Деревья на кладбище в Тама стояли в полном алом облачении. На равнине Мусасино, расположенной на высоте пятьдесят метров над уровнем моря, первый иней выпадал в начальной декаде ноября. А потом, словно получив знак свыше, разом начинали краснеть алые клены момидзи,[53] дзельква, японский сумах, инусидэ.
В середине двадцатых годов токийские власти задумали перепродать дешевые сосновые леса в этой местности разросшемуся кладбищу. Они решили, что это как раз то, что нужно здесь, — яркий внешний вид этого кладбища, украшенного расходящимися тропками, с живой изгородью, и выгодно отличавшегося от кладбищ в Янака и Аояма. Останки многих знаменитостей заняли большие участки, выходившие на главные дорожки. Им самим понравились бы возведенные над их костями каменные сооружения и памятники в европейском стиле.

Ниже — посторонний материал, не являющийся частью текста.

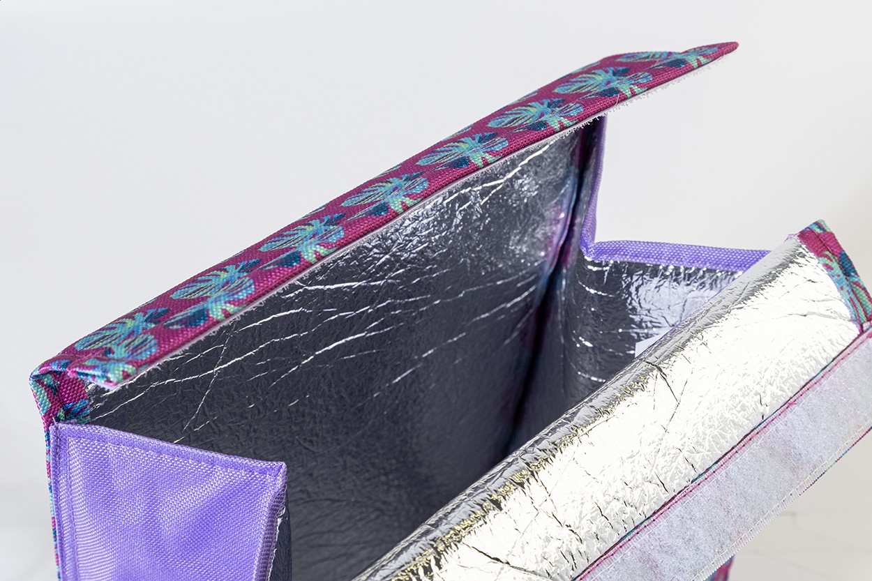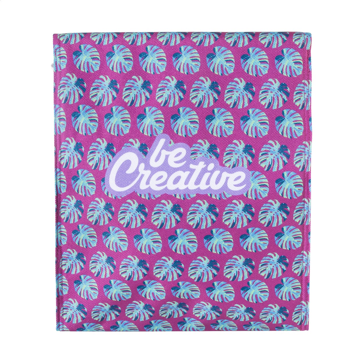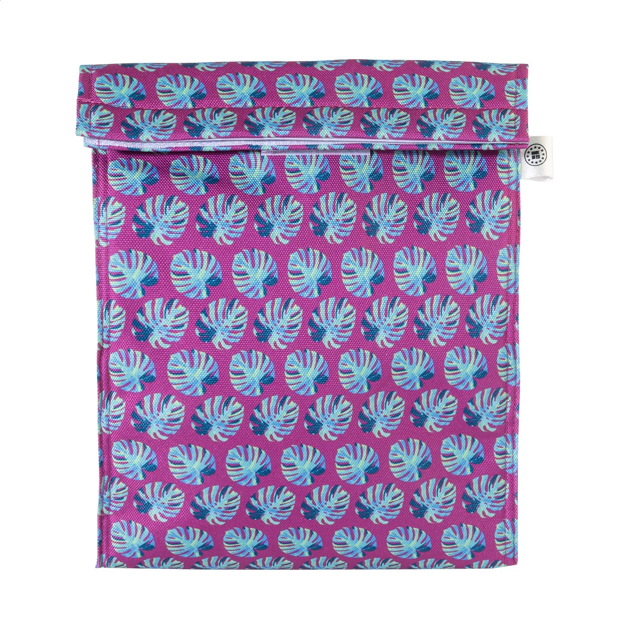 Geantă termică, pentru prânz, realizată la comandă, din poliester 600D RPET, cu căptușeală din aluminiu și închidere cu velcro. Cu grafică imprimată prin sublimare pe toată suprafața și etichetă RPET distinctivă. Cantitate minimă de comandă: 25 buc.

— Дураки! Думают, что можно оставить имя в камне и металле! — посмеивался старик Миядзи.
Из финансовых расчетов он для себя и жены купил на этом кладбище местечко, рядом с одной из тропинок. Надгробие было скромным, Миядзи лишь обсадил участок деревьями. Японская айва, камелия, индийская сирень, душистая маслина, гингко, доданда цвели и опадали над могилами круглый год. Деревья шумели на узком пространстве, нависая пышной листвой над соседними кладбищенскими участками.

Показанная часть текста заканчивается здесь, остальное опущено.